La portion retirée par les industrieux se nomme le profit de l’industrie. Parmi les industrieux, les uns sont de simples salariés qui reçoivent chaque jour, chaque semaine, chaque année, d’après une convention faite d’avance, la part qu’ils ont pu obtenir des valeurs produites. Les autres sont des entrepreneurs qui achètent et consomment les services productifs, et sont remboursés par la vente des produits, ou des portions de produits, qu’ils ont entrepris de créer à leurs frais et à leur profit[1].

Un entrepreneur possède communément en propre le capital, ou tout au moins une portion du capital qui sert à ses avances.

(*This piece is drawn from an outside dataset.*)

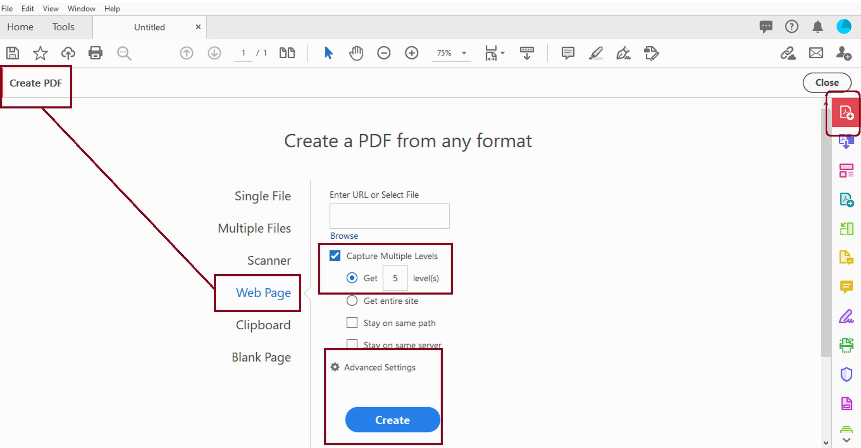 I want to convert a webpage to pdf using the Adobe Acrobat DC "file > create > PDF from webpage" function. I need to download the entire website using the "capture multiple levels" function set to 5 (it will be a pretty massive PDF). The problem is that the website requires a login at the beginning to gain access to your acccount.

Aussi les économistes anglais confondent-ils presque toujours, sous le nom de profit, le revenu que l’entrepreneur obtient de son industrie, de son talent, et celui qu’il doit à son instrument, au capital. Cette analyse imparfaite jette souvent de l’obscurité dans leurs écrits, et les empêche de présenter une fidèle image des faits[2].

  1. Dans l’exemple de la montre, plusieurs ouvriers sont eux-mêmes les entrepreneurs de leur propre industrie ; ils tirent un profit, et non pas un salaire. Celui, par exemple, qui ne fait que les chaînettes du mouvement des montres, achète l’acier brut, le travaille, et vend son produit. Il est entrepreneur de chaînettes de montre. Un autre est fabricant de boîtes.

    Une fileuse de lin achète pour quelques sous de filasse, la file, convertit son fil en argent. Une portion de cet argent achète de nouvelle filasse ; c’est son capital. Une autre portion achète les denrées qui satisfont à ses besoins ; ce sont les profits de son industrie et de son petit capital : ce qui compose son revenu.

  2. Dans la même ville, lorsque deux manufactures s’occupent de la même espèce de produits et disposent d’un capital semblable, si l’une d’elles, conduite avec beaucoup plus d’ordre, d’intelligence, d’activité que l’autre, rapporte 20 pour cent de son capital, et la seconde à peine 5 pour cent, n’est-il pas évident que la supériorité d’un de ces profits sur l’autre, est due à la supériorité des talens industriels de l’entrepreneur, et non à son capital ? Adam Smith (liv. I, ch. 8), et après lui la plupart des économistes anglais, se sont jetés dans de fort grands embarras pour vouloir expliquer les profits de l’industrie en les confondant avec les profits du fonds capital. Il est essentiel de les distinguer quand on remonte à la source des revenus. M. Thomas Tooke, celui des écrivains anglais qui a analysé avec le plus de sagacité les causes de la variation des prix, l’a fort bien senti. « M. Say, dit-il dans une publication récente, distingue ce qu’il appelle profits industriels des profits des capitaux, et nos économistes gagneraient à adopter cette classification. » (Considerations on the state of the Currency, 1826, p. 15). On trouvera une autre note sur le même sujet, liv. II, ch. 8, § 2.